Here are the Wisconsin AP Member Exchange Features for Feb. 2-4:

FOR SATURDAY-SUNDAY:

EXCHANGE-WINTER DANCE PARTY-KENOSHA

KENOSHA, Wis. _ Ten days before the music died, rock ‘n’ roll was alive and well in Kenosha. Teen heartthrob Buddy Holly joined rising stars Dion and the Belmonts, Ritchie Valens and J.P. “The Big Bopper” Richardson for the second stop of the infamous Winter Dance Party tour on Jan. 24, 1959, at the Eagles Ballroom. More than 1,500 screaming teenagers squeezed into a packed ballroom to witness a performance that would soon become _ certainly far sooner than anyone envisioned _ a significant piece of music history. Just one month past her 13th birthday, Kenosha resident Pat Keating arrived hours early to assure a front-row spot at the stage. By Jeffrey Zampanti, Kenosha News. SENT IN ADVANCE: 762 words, photo.

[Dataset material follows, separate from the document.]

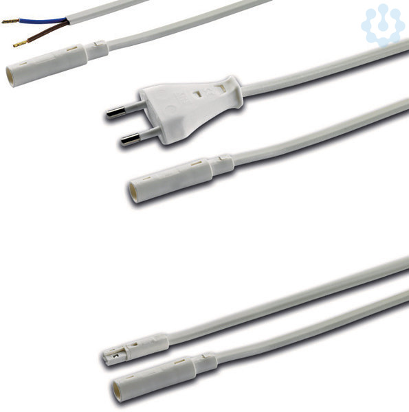 Netzanschlussleitung zum senkrechten Aufrasten an SlimLite CS Leuchten, abgemantelt und mit Aderendhülsen zum einfachen Anschließen an Schraub- oder Steckklemmen

EXCHANGE-WIDOW-ICE FISHING

WASHBURN, Wis. _ Hannah Stonehouse Hudson is sitting on a stool, hunched over a hole in the ice on Lake Superior near Washburn, Wisconsin. The ice here, about a half mile from shore, is 9 inches thick, a cool greenish color, and every so often, it shifts and moves, making wild noises. But it took her a while to get to this point _ to the point where she’s comfortable ice fishing here on the lake. By Dan Kraker, Minnesota Public Radio News. SENT IN ADVANCE: 1014 words.

FOR MONDAY:

EXCHANGE-SISTER RETIRES

JANESVILLE, Wis. _ Tom Eckert recalls a time when he was recuperating from surgery at home. Sister Lauretana Gorman of Janesville’s St. John Vianney Catholic Church invited him on a day trip to boost his spirits. The two drove to Sister Lauretana’s motherhouse at Sinsinawa Mound in southwestern Wisconsin. He was not surprised that Sister Lauretana invited him, a longtime member of the church, to accompany her. By Anna Marie Lux, The Janesville Gazette. SENT IN ADVANCE: 708 words, photo.

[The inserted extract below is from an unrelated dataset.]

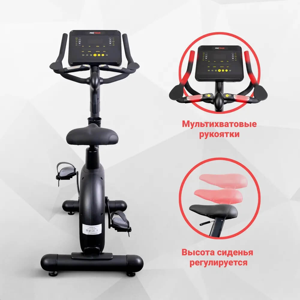 Сиденье регулируется по высоте в 13 положениях. Мультихватовые рукоятки для проработки разных групп мышц. Контактные пластины на руле позволяют измерять частоту сердечно-сосудистых сокращений.

EXCHANGE-PREVENTING FARMER SUICIDES

MADISON, Wis. _ Financial struggles led Leon Statz to sell his 50 dairy cows, causing the third-generation farmer to become depressed. Then land next to his 200-acre farm near Loganville went up for sale _ land his late father had said he should buy. Statz, who didn’t have the money, became hopeless. On Oct. 8, the day the adjacent property hit the market; Statz killed himself on his farm. He was 57. By David Wahlberg, Wisconsin State Journal. SENT IN ADVANCE: 1468 words, photos.